Health

Ultrasound Evolved

by Wynce Nolley

Lafayette General acquires new endoscopy tool and recruits physician trained to use it, enabling more accurate diagnosis of ailments in the gastrointestinal tract.

Dr. Eric Trawick
Photo by Robin May

Lafayette General acquires new endoscopy tool and recruits physician trained to use it, enabling more accurate diagnosis of ailments in the gastrointestinal tract.

Lafayette General Medical Center has invested in a new endoscopy tool that enables its physicians to more accurately diagnose ailments in the gastrointestinal tract using endoscopic ultrasound, technology that is keeping patients from traveling to New Orleans for a similar procedure.

“Endoscopic ultrasound is a technology that allows us to attach an ultrasound probe to an actual endoscope,” says Dr. Eric Trawick, a gastroenterologist with the Lafayette General Endoscopy Center who is specifically trained in using the equipment. “So instead of just using a camera and optics to look in the GI tract, we can also use the ultrasound to look through the GI tract to see what’s on the other side. So you can look at organs or structures outside the GI tract from the scope.”

The machine is a multi-purpose unit called the ProSound F75 Ultrasound Imaging Platform, a precision diagnostic system that gives physicians the highest quality imaging available, in turn allowing them to make much more accurate diagnosis of diseases including a variety of cancers in the GI tract and in neighboring organs like the pancreas, bile duct, liver, spleen and gallbladder.

“Endoscopic ultrasound can be used on both the upper and the lower GI tract,” says Trawick. “Common uses are for diagnosis and staging of esophageal cancer, gastric cancer, pancreatic cancer and rectal cancer.
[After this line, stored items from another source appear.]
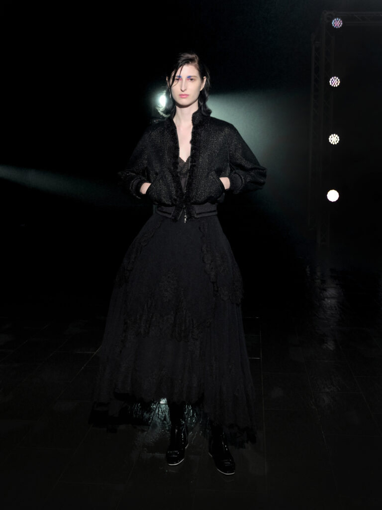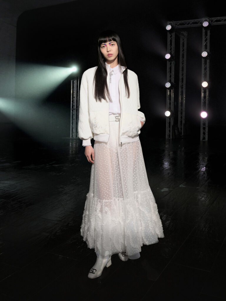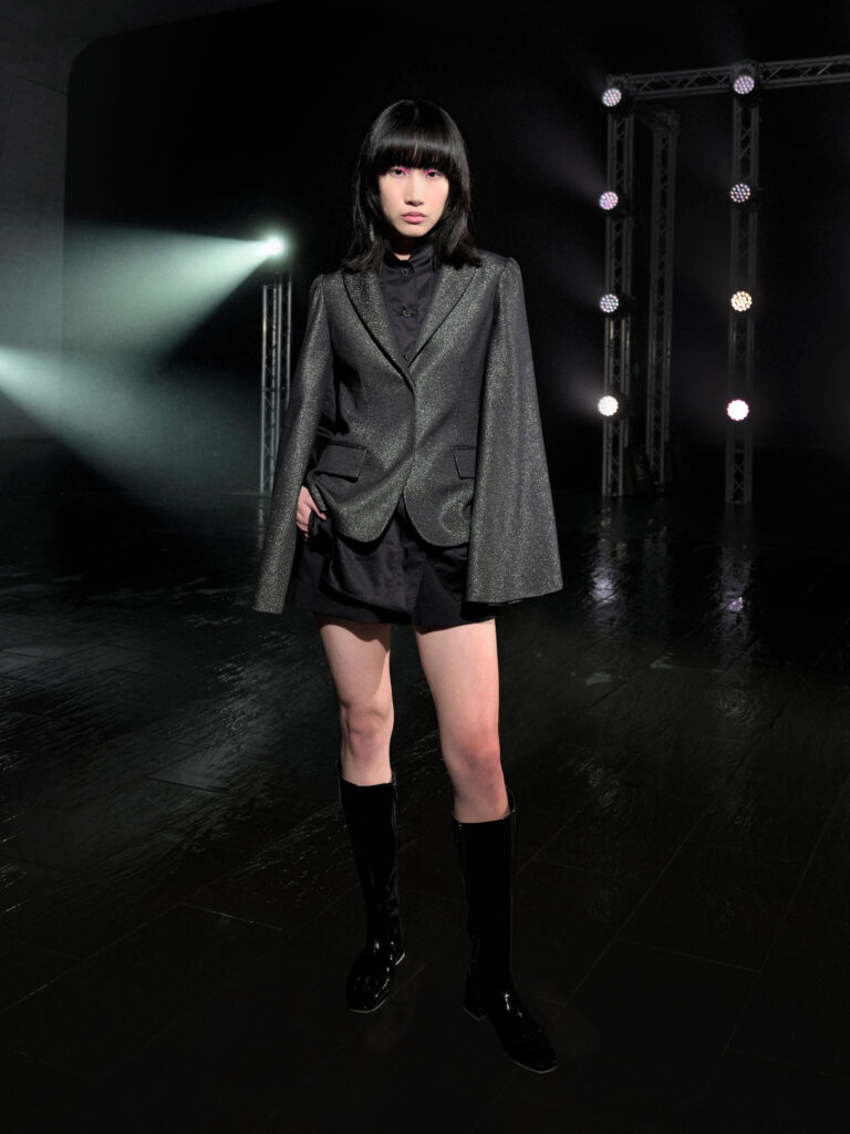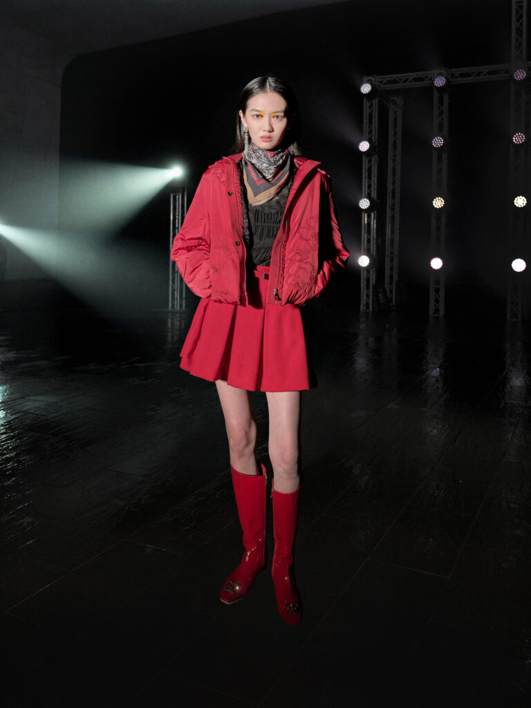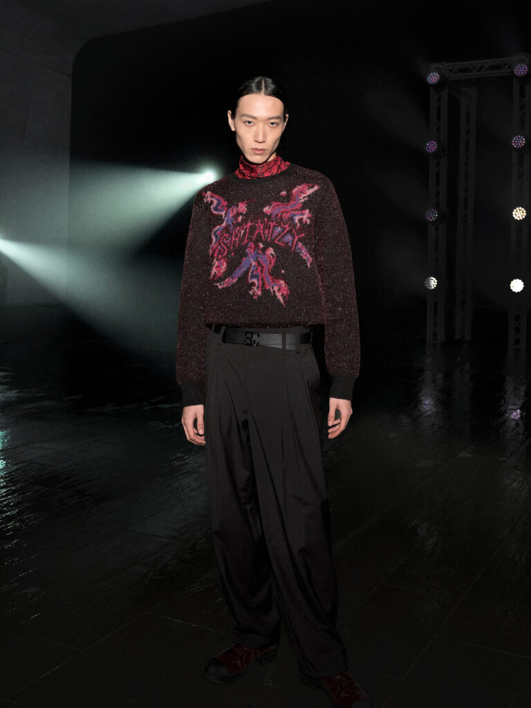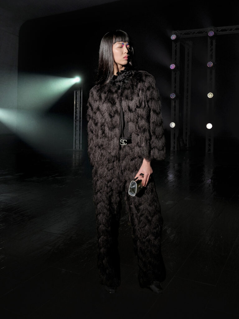 Que ce soit le passé ou la lumière, les deux sont conçus de manière abstraite dans nos esprits, mais ils sont ressentis profondément dans nos cœurs. Cette idée-là, nous la transposons de manière poétique dans les vêtements. Nous nous basons sur cet esprit d’esthétique orientale harmonieuse qui allie opposition et persévération pour exprimer concrètement des contours soignés, élancés, tout autant abondants que magnifiques, et ce, tout d’abord avec des hauts à col côtelé moulants et d’allure sportive selon la tendance de ces dernières années, accompagnés de pantalons longs et amples fuselés à franges. C’est par cet accord entre le décontracté et le gracieux que cette collection commence. Ensuite viennent des manteaux à capuche en jacquard à fil métallique ornés de motifs uniques de la maison, ainsi que des robes en ligne-H, constituant la torche qui s’enflamme au cœur de l’obscurité. Puis, avec des blousons rembourrés à losanges cousus avec du fil métallique, avec des blousons et des jupes courtes en cuir luisant et des hauts en tissu d’organza transparent ornés de motifs, une apparence fugitive et transitoire est par là même invoquée, symbolisant la lumière et le feu. Enfin, le noir et le blanc, en tant que couleurs principales, sont abondamment utilisés sur différents tissus, tels que de la mousseline sur laquelle des motifs de feux d’artifice sont spécialement imprimés en relief, du jacquard à fil métallique, de la mousseline et de la dentelle, auxquels s’ajoutent des paillettes en relief et des plumes, afin d’exprimer le tournoiement de la lumière dans la nuit noire. Au niveau de l’arrangement des couleurs, nous pouvons voir une abondance de rouges flamboyants, des robes fuselées à franges, de longs manteaux rouges brodés avec du rembourrage, des vestes à col montant brodées avec du satin rouge. Des enroulements de couleurs fluo délicates sont abondamment utilisés dans les longues jupes parapluie noires et blanches en mousseline, dans les longues jupes en tulle de soie brodée et dans les vestes en laine. Des vestes en laine de couleur violette claire, des manteaux roses en tricot avec motifs, des blousons et des jupes en cuir marron avec paillettes et manches en organza de couleur pêche font aussi jaillir une infinie vitalité saturée d’éclat. Enfin arrive un noir sans limite orné de paillettes de couleur verte paon, reflétant les rayons éclatants qui traversent l’obscurité. Les motifs utilisés dans cette collection prennent comme éléments d’inspiration la lumière du feu dans ses tous premiers instants, la fumée de poudre à canon, les étincelles de feu et les halos fluo, représentant ainsi d’une part leur propre splendeur et d’autre part ce qui est à l’origine même de cette splendeur, car les deux existent dans la même temporalité et ont la même importance.
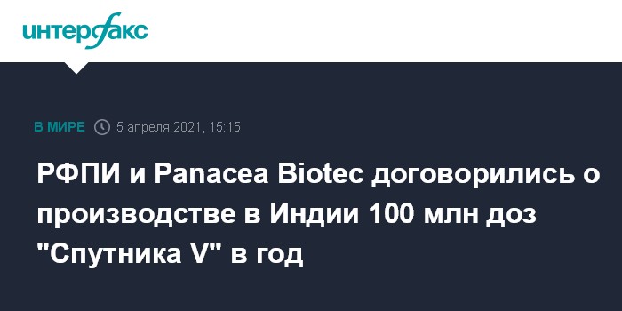 Москва. 5 апреля. INTERFAX.RU - Российский фонд прямых инвестиций (РФПИ) и индийская компания Panacea Biotec договорились производить 100 млн доз вакцины "Спутник V" ежегодно, сообщает пресс-служба РФПИ.
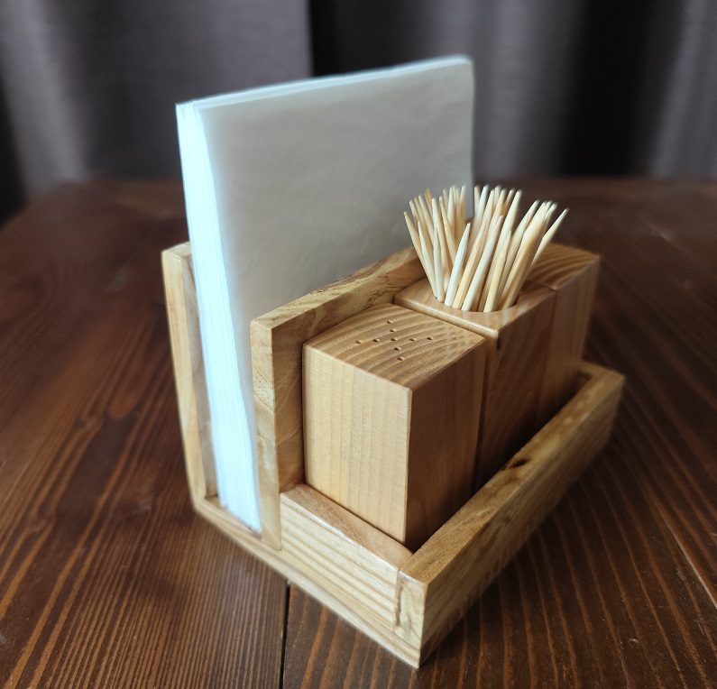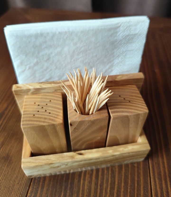 Oša koka salvešu turētājs ar garšvielu trauciņiem

It can also be used by lung doctors. They actually can do the same thing to look at masses within the lungs.”

The ProSound equipment combines ultrasound technology with endoscopic tools to better visualize tissues in the digestive tract along with adjacent anatomical structures inside the human body. Usually, ultrasound equipment requires gel and a transducer rubbed across the skin to produce images of the internal organs. But with endoscopic ultrasound, the transducer is inserted into the body via the digestive tract, which puts it closer to the area of interest in order to obtain high resolution images.
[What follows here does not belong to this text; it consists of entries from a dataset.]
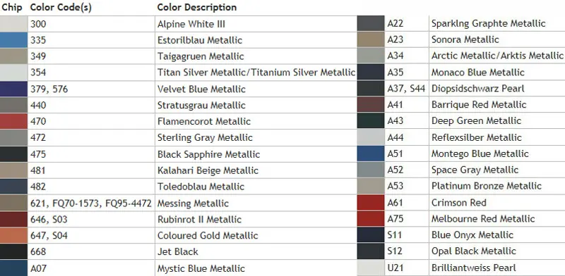 First Name Last Name Best Contact Phone Email Vehicle Information Vehicle type New Pre-Owned New Pre-Owned Year Year 2005 2004 2003 2002 2001 2000 1999 1998 1997 1996. Identifiable via code 381 Le Mans Blue is placed between Avus Blue code 276 and Estoril Blue code B45 in terms of.
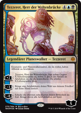 | Rules | Creature and planeswalker spells you cast have affinity for artifacts. (They cost less to cast for each artifact you control.) +2: Tezzeret, Master of the Bridge deals X damage to each opponent, where X is the number of artifacts you control. You gain X life. −3: Return target artifact card from your graveyard to your hand. −8: Exile the top ten cards of your library. Put all artifact cards from among them onto the battlefield. |
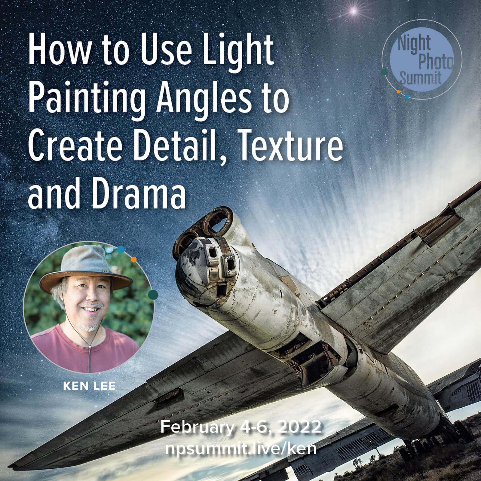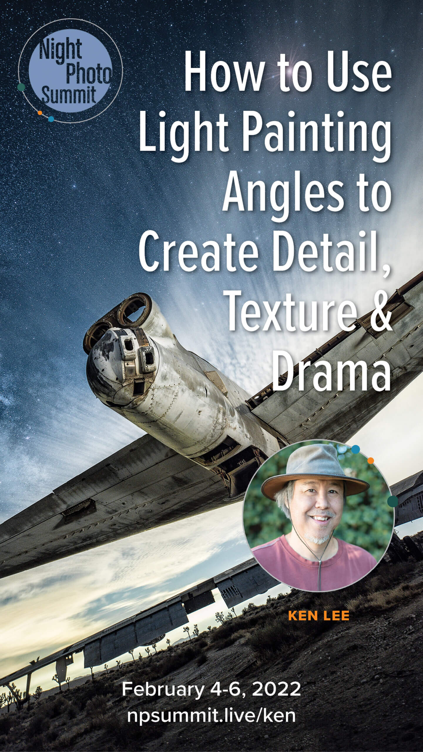 The well-respected National Parks at Night held their first Night Photo Summit last year. This was a great success. Consequently, they’ve decided to hold another Night Photo Summit this year as well. I am also deeply honored to say that I am one of the 25 presenters. My presentation will be “How to Use Light Painting Angles to Create Detail, Texture and Drama.” I will expand on creating detail and texture from this article.
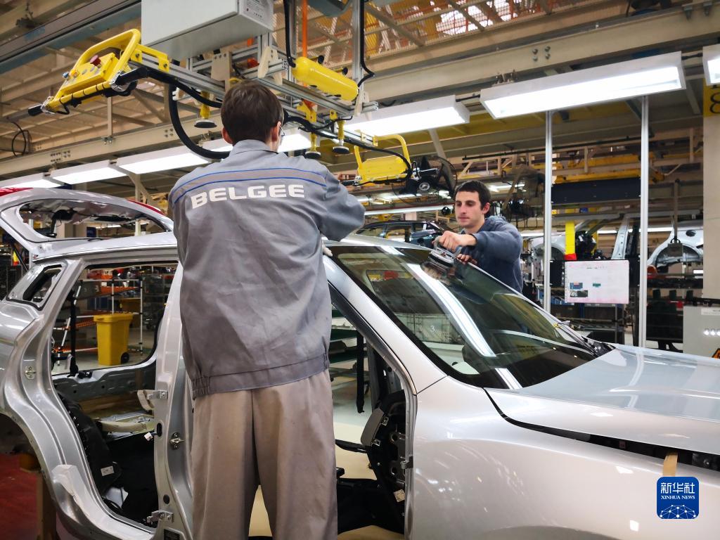 在白俄羅斯首都明斯克東北方向50公里處的白俄羅斯吉利全散件汽車(chē)制造廠總裝車(chē)間,工人組裝車(chē)體(2018年12月1日攝)。新華社記者 張若玄 攝

“The endoscopic ultrasound allows you to take the ultrasound image from within the body instead of outside, so you’re able to avoid a lot of interference from skin, muscle, fat and other things that get in the way of the ultrasound waves to get much more streamlined images of internal structures,” says Trawick.

Information gathered by the endoscopic ultrasound can be used by Lafayette General’s surgeons for procedures like tissue biopsies to confirm the presence of a cancer and can also aid them in staging a cancer. It can also provide anatomical information about surrounding structures like blood vessels. This kind of supplementary information helps both surgeons and oncologists in making immediate decisions, like whether a cancerous tumor can safely be removed.

“It gives additional information to complement CT scans and MRIs from an imaging standpoint,” says Trawick. “There’s really no comparison of technology in the GI tract. It’s completely different than anything we’ve had before.”

Trawick gives an example of someone being admitted for abdominal pain who undergoes a CT scan that finds a mass in the patient’s pancreas. The CT scan can see that something is there, but it cannot tell the physician what kind of tissue it is. Using the endoscopic ultrasound, the physician can place a scope in the patient’s stomach and use the ultrasound to look through the stomach wall to see the pancreas and the mass. Then a needle can be passed through the scope to physically poke through the wall of the stomach and biopsy the mass to gather the actual tissue cells for the pathologists to analyze. At that point they can determine if the mass in the pancreas is consistent with a pancreatic cancer.

“So now the patient has been diagnosed with pancreatic cancer whereas before all we had was a CT scan saying there’s something in your pancreas,” adds Trawick. “So I would say it’s a game changer from that standpoint.

“This is information that our surgeons and oncologists use every week on patients here in Lafayette and the Acadiana area,” says Trawick. “They were having to refer people to New Orleans and Houston to do endoscopic ultrasound, and now people are not having to travel to New Orleans or Houston to have this procedure done. We’re able to do it right here at Lafayette General and give them all of the information that they need.”